One of the biggest recent drags for J&J has been its medical device segment. Even beyond alleviated concerns over the recently-suspended medical device tax, the universal concern for device makers is that as competition increases, pricing pressure could weigh on margins. Pushing back against commoditization is only countered by remaining as innovative as possible.
In addition to fears of commoditization, the implementation of the Affordable Care Act, which you likely know better as Obamacare, has been a major drag on the medical device industry. Uncertainties surrounding premium inflation and consumer spending habits under Obamacare have caused some consumers to push elective procedures down the road, ultimately hurting the growth potential of device makers like J&J. It's believed that as time passes the outlook for the medical device industry will improve as the expense outlook for consumers and businesses becomes more transparent. However, it remains to be seen if we're at the point where uncertainties surrounding Obamacare are subsiding. Pay close attention to J&J's medical device growth rate in Q4 and its outlook for 2016.
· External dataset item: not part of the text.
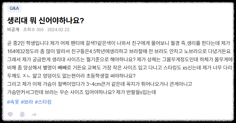| 면 생리대 | 세탁해서 여러 번 사용. | 피부 민감하거나 친환경 용품에 관심 있을 때 |
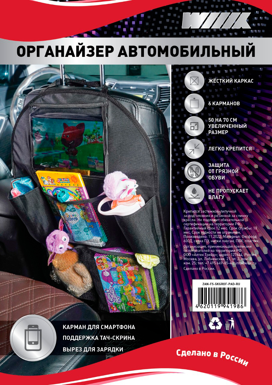 Защитная накидка-органайзер ZAN-FS-5KGROF-PAD-RU WIIIX на спинку сиденья в авто, 5 карманов(планшет)

5. Any change in J&J's M&A strategy?
Finally, pay close attention to what J&J's management team has to say about its merger-and-acquisition strategy moving forward.
J&J ended the previous quarter with $37 billion in cash, or about $17 billion in net cash. Asked what it planned to do with its excess cash, J&J was clear that it's seeking out earnings accretive acquisitions, but that it would only jump at a transaction if the price was right. Three months removed from these statements I'd encourage investors to dig deep into J&J's press release and conference call to undercover whether or not its M&A strategy has changed at all. Is J&J still on the hunt for one large acquisition, or is it considering a bolt-on approach? Is it looking to add to its high-margin pharmaceutical pipeline, or could it look to bolster its medical device offerings? These are all questions I'd be looking for the company to address in its Q4 report.
Steady as she goes
However, regardless of the answers to these questions, Johnson & Johnson appears to be on the right path to sustainable profit and dividend growth. It has aspirations of bringing 10 novel blockbuster drugs to market by the end of the decade, it has a long-tail growth opportunity in medical devices which should improve as global access to medical care expands, and it has its consumer health products franchise which is a cash flow safety net. Investors looking for a low volatility, above average yield stock could probably do a lot worse than Johnson & Johnson.